For sequencing of DNA samples there is a broad range of library preparation methods available for different purposes and applications.Choosing the right DNA sequencing method for your samples depends on the amount and quality of DNA, the organism and the goals of your study. Common genomic applications are Whole Genome and Exome sequencing which allows analysis of mutational variants of the genome and exome.

For smaller and more focused applications custom targeted sequencing is possible where designed panels of specific regions of the genome are targeted for sequencing. This includes different methods with gene panels, disease panels, or amplicon sequencing where custom regions or genes of interest are sequenced.

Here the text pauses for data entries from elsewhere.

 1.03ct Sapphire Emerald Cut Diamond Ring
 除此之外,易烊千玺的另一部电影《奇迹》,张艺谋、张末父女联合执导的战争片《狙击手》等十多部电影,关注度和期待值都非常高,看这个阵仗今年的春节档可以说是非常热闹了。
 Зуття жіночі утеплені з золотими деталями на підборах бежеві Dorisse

Other common applications are different ChIP sequencing methods for identifying interactions between proteins and nucleic acids on a genome-wide scale, bisulfite sequencing to detect methylated cytosines in genomic DNA. In principle any DNA of interest can be isolated and prepared for sequence analysis. Metagenomics and 16s RNA sequencing is also an area of interest where genetic content of multiple microorganisms can be analyzed by using the whole genome sequencing techniques.

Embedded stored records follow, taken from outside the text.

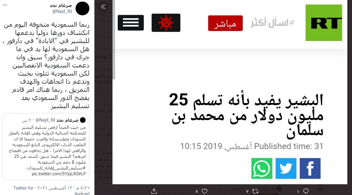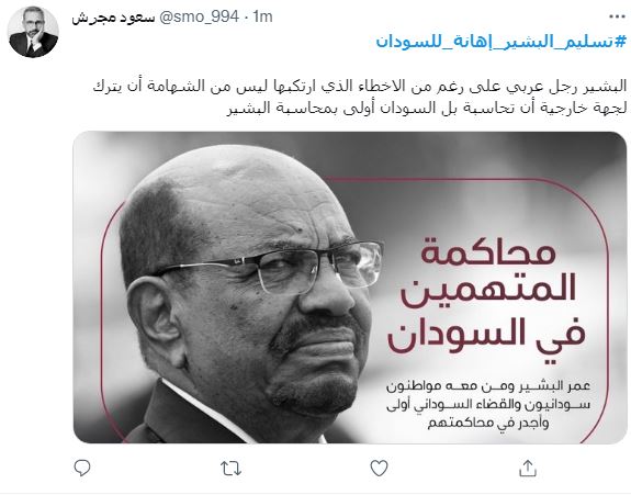 وتصدر خلال اليومين الماضيين هاشتاج #تسليم_البشير_إهانة_للسودان التريند في السودان ولكن كان مثيرا للعجب أن يتصدر في السعودية وأن تتوحد رسالة الذباب الإلكتروني السعودي دعما لعدم محاكمة الرئيس عمر البشير ومجموعة من مساعديه أمام المحكمة الجنائية الدولية وذلك استهجانا لقرار الحكومة الانتقالية بتسليم الرئيس البشير للمحكمة الدولية.
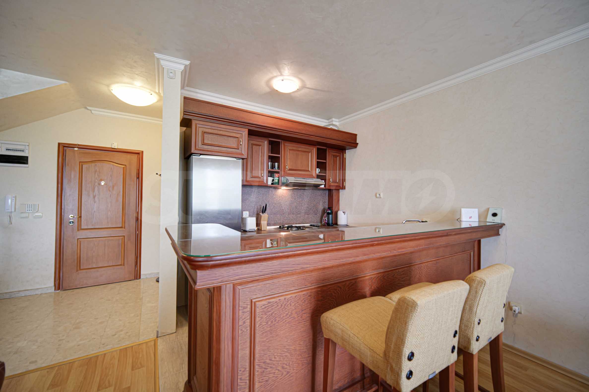 Кухненската част е оборудвана с всички необходими електроуреди - пералня, миялна, печка и хладилник Gorenje.
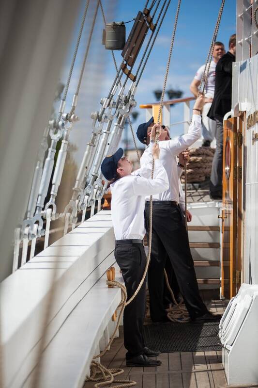 Atiduodant pagarbą daugiau nei 70 metų skaičiuojančiai buvusio mokomojo burlaivio istorijai bei jo pirminei paskirčiai, kaip ir kasmet, bures kels Lietuvos aukštosios jūreivystės mokyklas kursantai. O šios mokyklos choras renginį nuspalvins tradicinėmis jūreivių dainomis - šantėmis, kurias atlikdami vaikinai ne tik dainuoja, bet ir atkartoja darbo burlaivyje judesius.
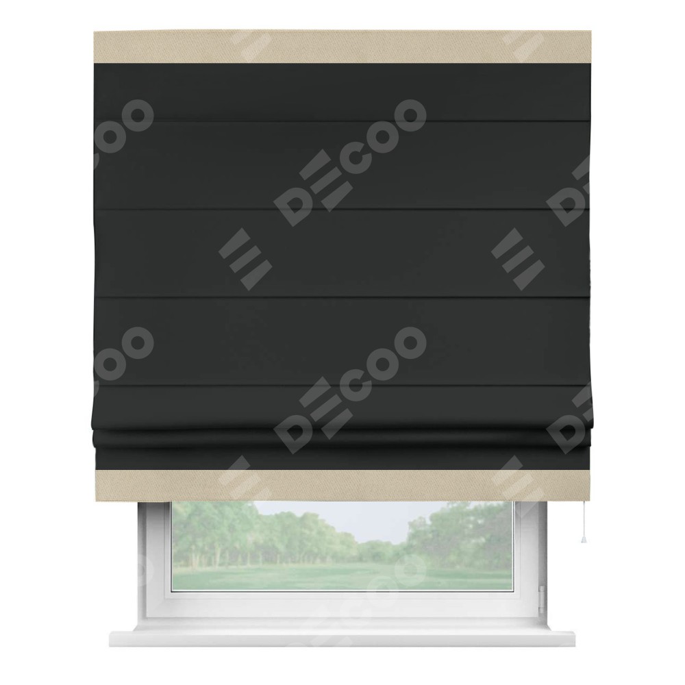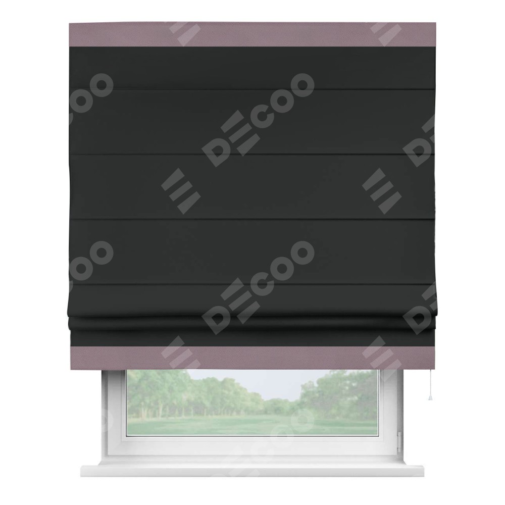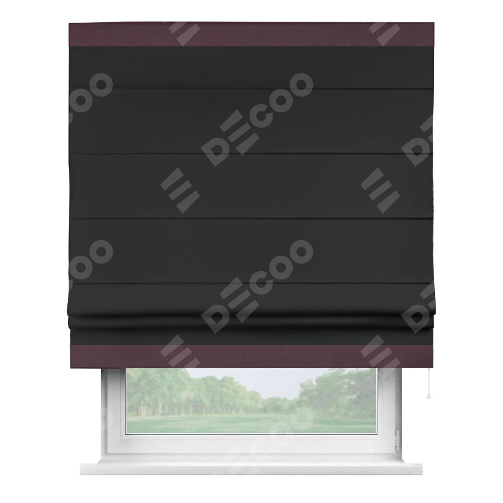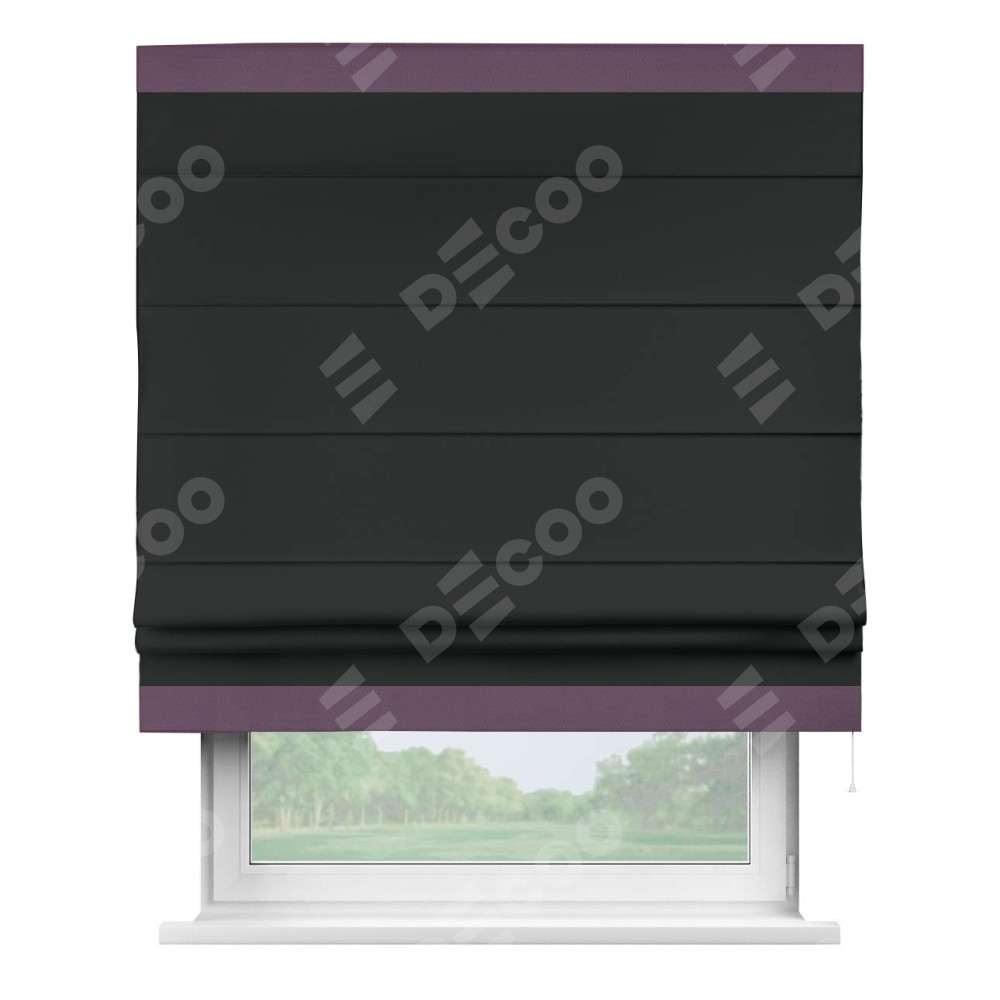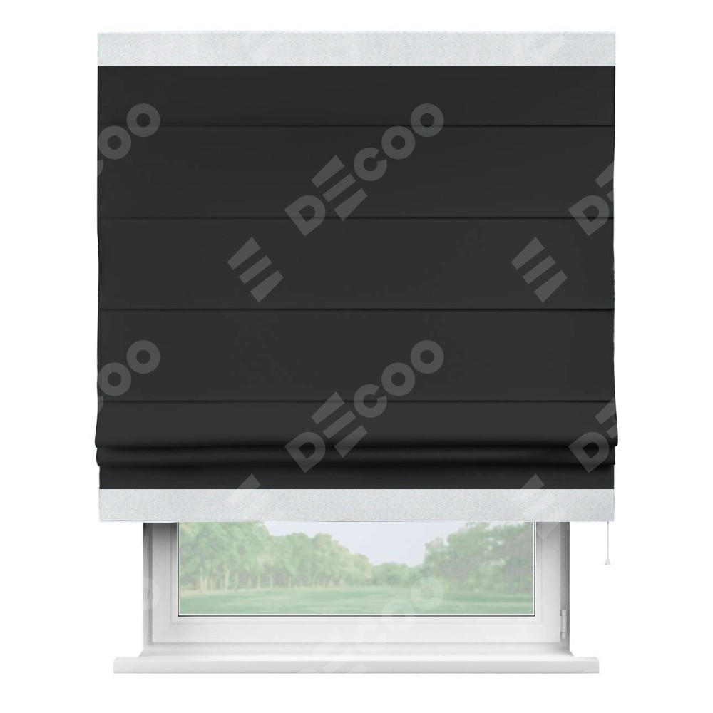 Римская штора «Кортин» для проема, блэкаут однотонный черный с кантом Горизонт

At BEA we have service to prepare your DNA samples for sequencing with different methods. Below is a list of appropiate library preparation protocols that we provide service for.

  • Nextera XT DNA Library kit prepares sequencing libraries for small genomes, PCR, amplicons, plasmids, metagenomics DNA samples or cDNA with a low DNA input requirement.
  • NEB Next Ultra II DNA Library kit is designed for construction of high-quality libraries using a broad range of input amounts of DNA. Suitable for ChIP sequencing.
  • Nextera DNA Library kits provide a fast and easy library prep workflow delivering whole-genome sequencing libraries.
  • Truseq DNA Nano and Truseq DNA PCR free reagents for whole genome sequencing applications including whole-genome resequencing and de novo assembly.
  • TruSeq DNA Methylation kit converts bisulfite-treated, single-stranded DNA into a sequencing library. The TruSeq Methyl Capture EPIC Library kit uniquely targets selected epigenetic regions of interest.
  • AmpliSeq for Illumina Custom DNA Panel for selected designs in various target and sample sizes.
  • 16S Metagenomic sequencing library for phylogenetic classifications of genus or species in microbial populations.